Omega-conotoxin MVIIA reduces neuropathic pain after spinal cord injury by inhibiting N-type voltage-dependent calcium channels on spinal dorsal horn.

Abstract

Spinal cord injury (SCI) leads to the development of neuropathic pain. Although a multitude of pathological processes contribute to SCI-induced pain, excessive intracellular calcium accumulation and voltage-gated calcium-channel upregulation play critical roles in SCI-induced pain. However, the role of calcium-channel blockers in SCI-induced pain is unknown. Omega-conotoxin MVIIA (MVIIA) is a calcium-channel blocker that selectively inhibits N-type voltage-dependent calcium channels and demonstrates neuroprotective effects. Therefore, we investigated spinal analgesic actions and cellular mechanisms underlying the analgesic effects of MVIIA in SCI. We used SCI-induced pain model rats and conducted behavioral tests, immunohistochemical analyses, and electrophysiological experiments (in vitro whole-cell patch-clamp recording and in vivo extracellular recording).
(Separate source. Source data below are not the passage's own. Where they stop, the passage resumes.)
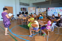 в пришкольном лагере «Радуга» МБОУ «Набережно-Морквашская СОШ»Но вот воспитатели приглашают в сельскую библиотеку, и все рассаживаются по своим зрительным местам. Митинг начался. Вступительное слово заведующей Набережно-Морквашской библиотеки Прохоровой Ильмиры.
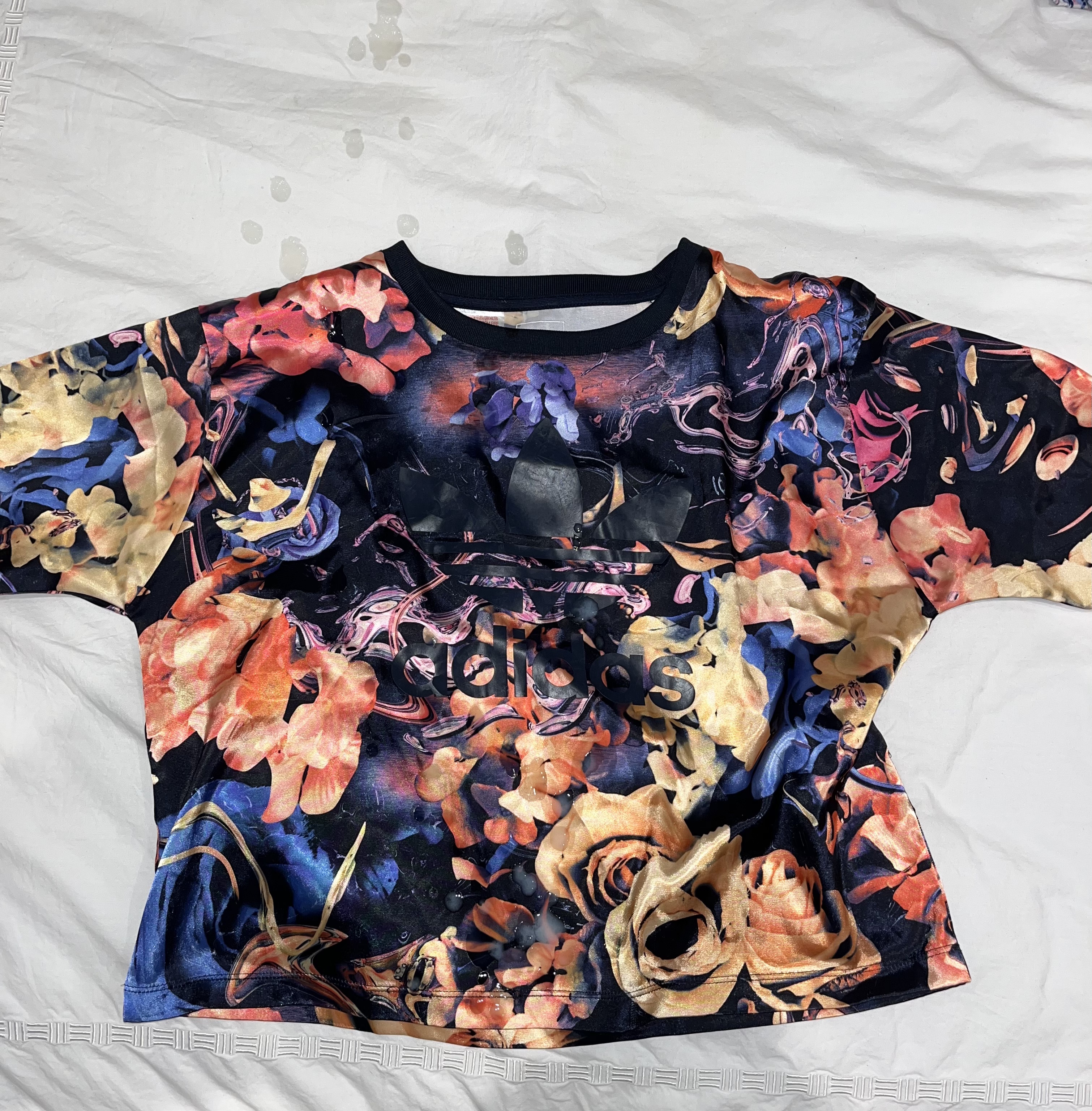 Before and after on this sexy adidas crop top, sadly my load shot out too far!
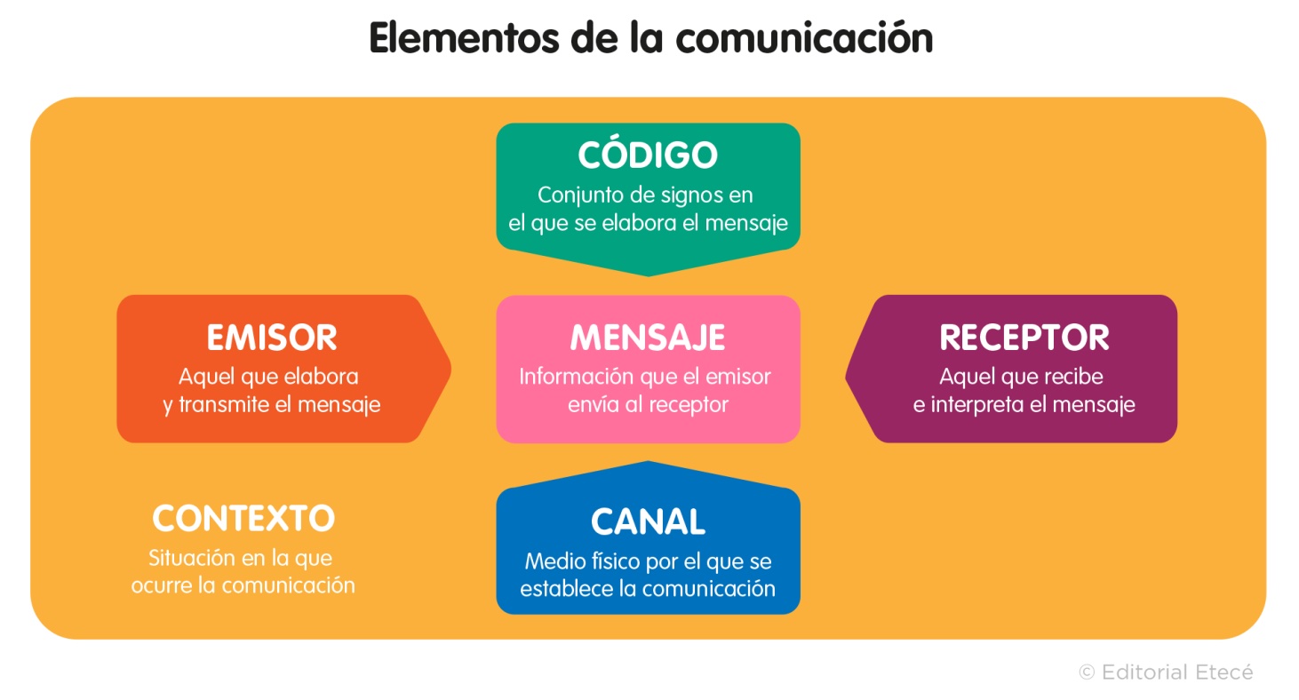 Son emisor, receptor, mensaje, canal, código y contexto.
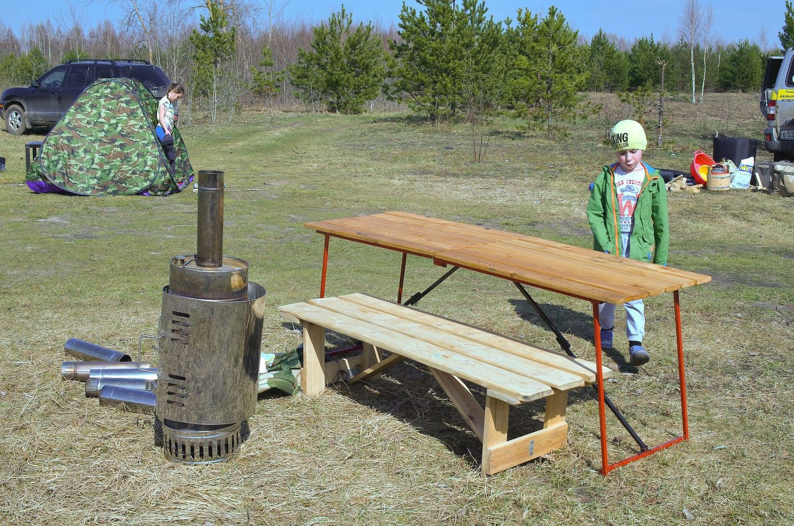 собирается за пару минут, но вот только тяжелый полок вышел просто жесть. компактный, да, но тяжеленный ужасно. взвесить нечем. В целом опыт получился интересный, но вывод для себя я сделал такой - потраченное время лучше бы по специальности подзаработал и на вырученные деньги купил фабричное изделие. Не очень-то сэкономил, а учитывая время - даже прогадал. В дальнейшем так и сделаю и закажу для большой палатки уже пару-тройку кроватей КС-350.
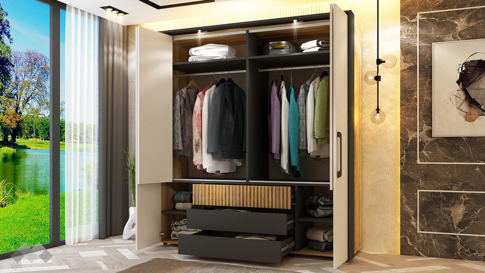 Впечатляващият четирикрилен гардероб с три чекмеджета осигурява изобилие от пространство за съхранение. С вътрешно разпределение от рафтове, лостове и чекмеджета, той е изключително функционален, а вратите в кашмири челата на чекмеджетата в дъб евок и графит, създават елегантен и балансиран визуален ефект.LED осветлението над вратите придава допълнителна елегантност и практичност, особено при слаба осветеност. Вратите на гардероба с механизъм “хармоника” и механизъм за плавно затваряне, а чекмеджетата са с телескопични водачи позволяващи пълно изтегляне.
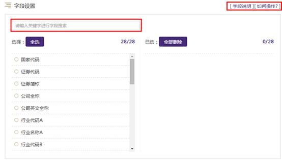 如果当前数据表包含字段太多,您可以通过在输入框内输入您想查找的字段关键字进行实时搜索。如需了解更多字段设置的操作说明,可点击【如何操作】进行查看。如需了解当前数据表的字段说明,可点击【字段说明】进行查看。
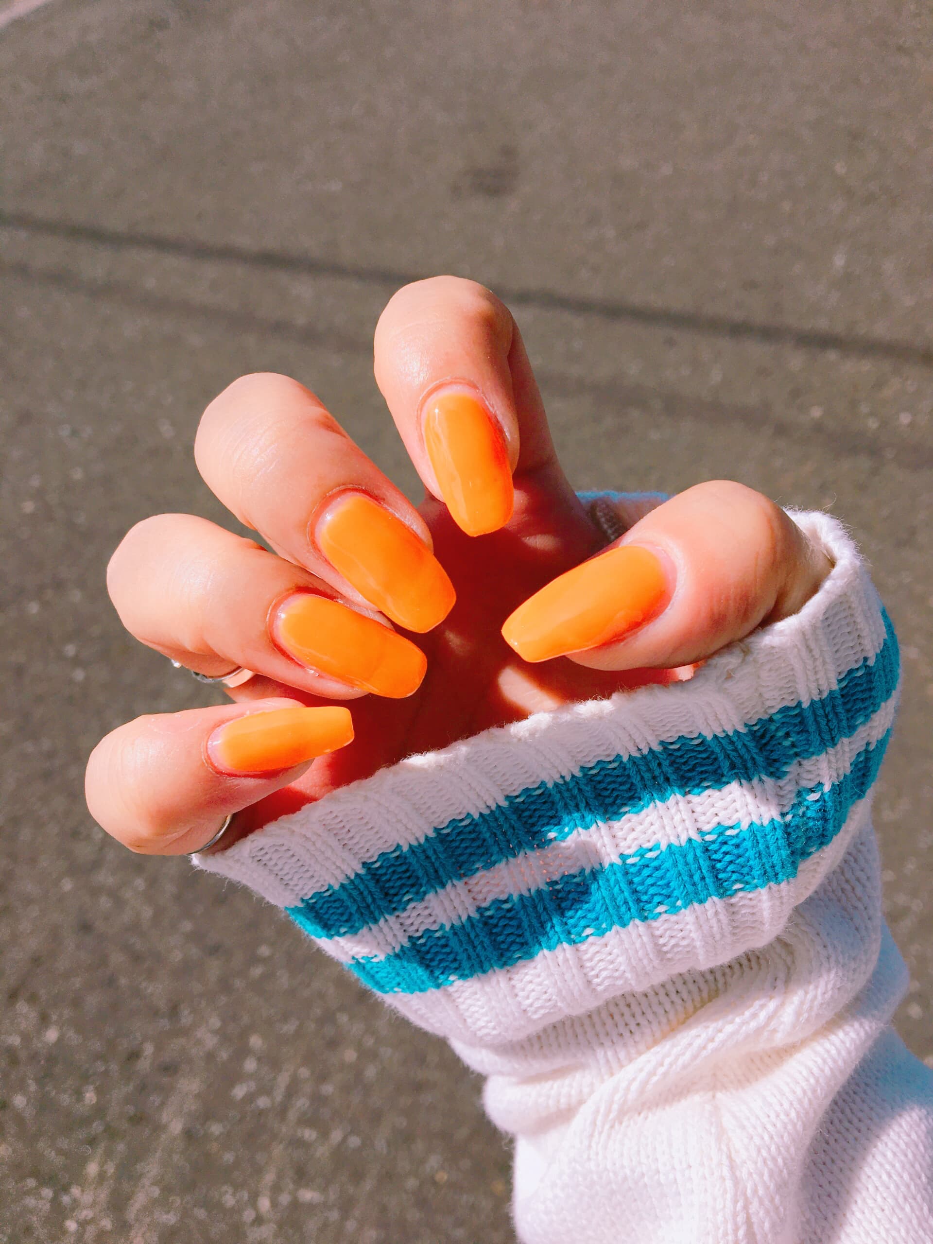 ネイルしました。ビタミンカラーにしたくて、セリアの「キャロットオレンジ」をワンカラー。
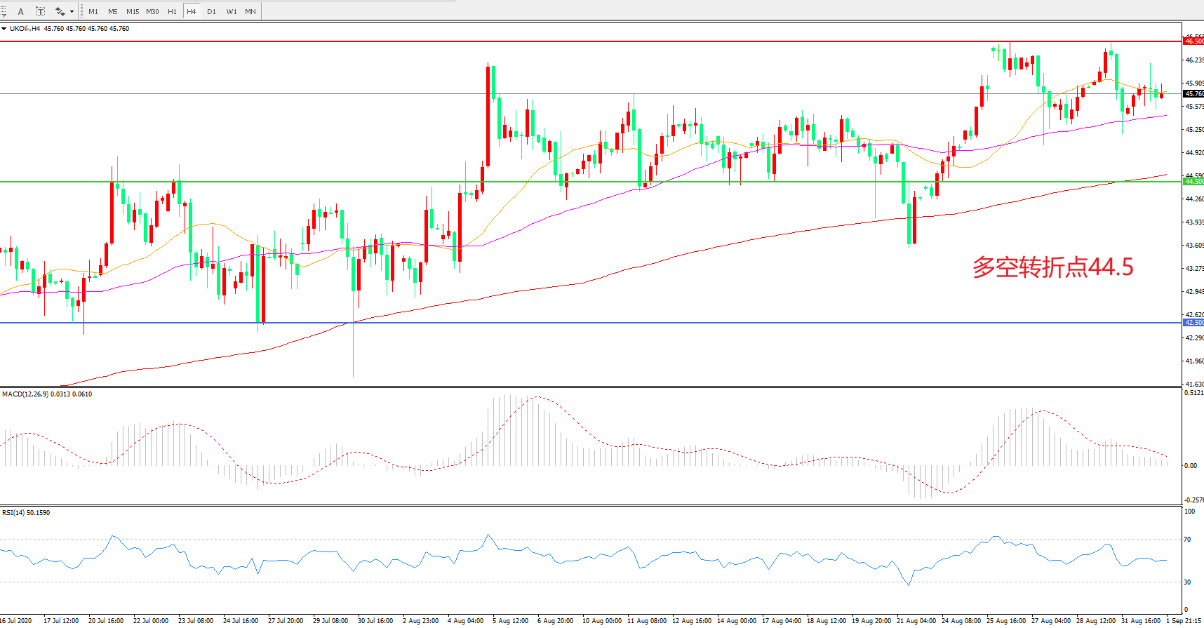 交易策略:  在44.50之上看涨,目标46.50       48.00
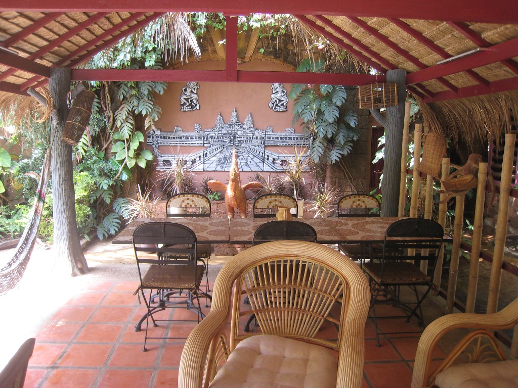Les petits déjeuners sont servis à la table commune en bordure de piscine. Toutefois, pour les amoureux, il peut être servi en chambre. Vous avez la possibilité de déjeuner ou diner sur place, nous disposons d'un cuisinier qui saura vous faire connaître et apprécier les différentes spécialités locales. Deux possibilités vous sont offertes pour les repas : ils peuvent être pris de façon conviviale avec notre famille et nous partageons tous les plats prévus au menu ce jour-là (5 $/personne avec une boisson au choix) ou seconde possibilité : à la carte. Nous proposons également des pizzas et produisons nous-mêmes le pain, croissants et pains au chocolat pour le petit déjeuner. Bière pression ANGKOR et café NESPRESSO ne sont pas oubliés…. Cours de cuisine gratuit !! Si le cœur vous en dit, pourquoi ne pas vous initier à la cuisine cambodgienne en confectionnant un de ses plats délicieux sous l’œil bienveillant de Visal ?
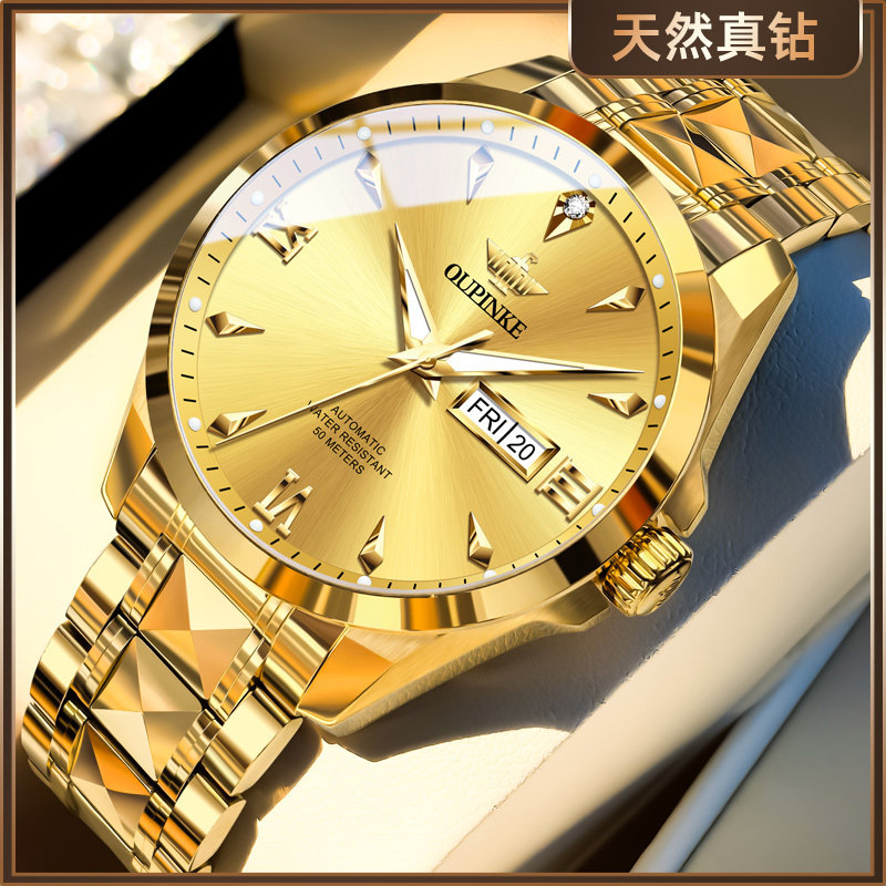 瑞士欧品客男士手表男款间金机械表钨钢防水夜光腕表正品牌名男表

A behavior study suggested intrathecal MVIIA administration in the acute phase after SCI induced analgesia for mechanical allodynia. Immunohistochemical experiments and in vivo extracellular recordings suggested that MVIIA induces analgesia in SCI-induced pain by directly inhibiting neuronal activity in the superficial spinal dorsal horn. In vitro whole-cell patch-clamp recording showed that MVIIA inhibits presynaptic N-type voltage-dependent calcium channels expressed on primary afferent Aδ-and C-fiber terminals and suppresses the presynaptic glutamate release from substantia gelatinosa in the spinal dorsal horn. In conclusion, MVIIA administration in the acute phase after SCI may induce analgesia in SCI-induced pain by inhibiting N-type voltage-dependent calcium channels on Aδ-and C-fiber terminals in the spinal dorsal horn, resulting in decreased neuronal excitability enhanced by SCI-induced pain.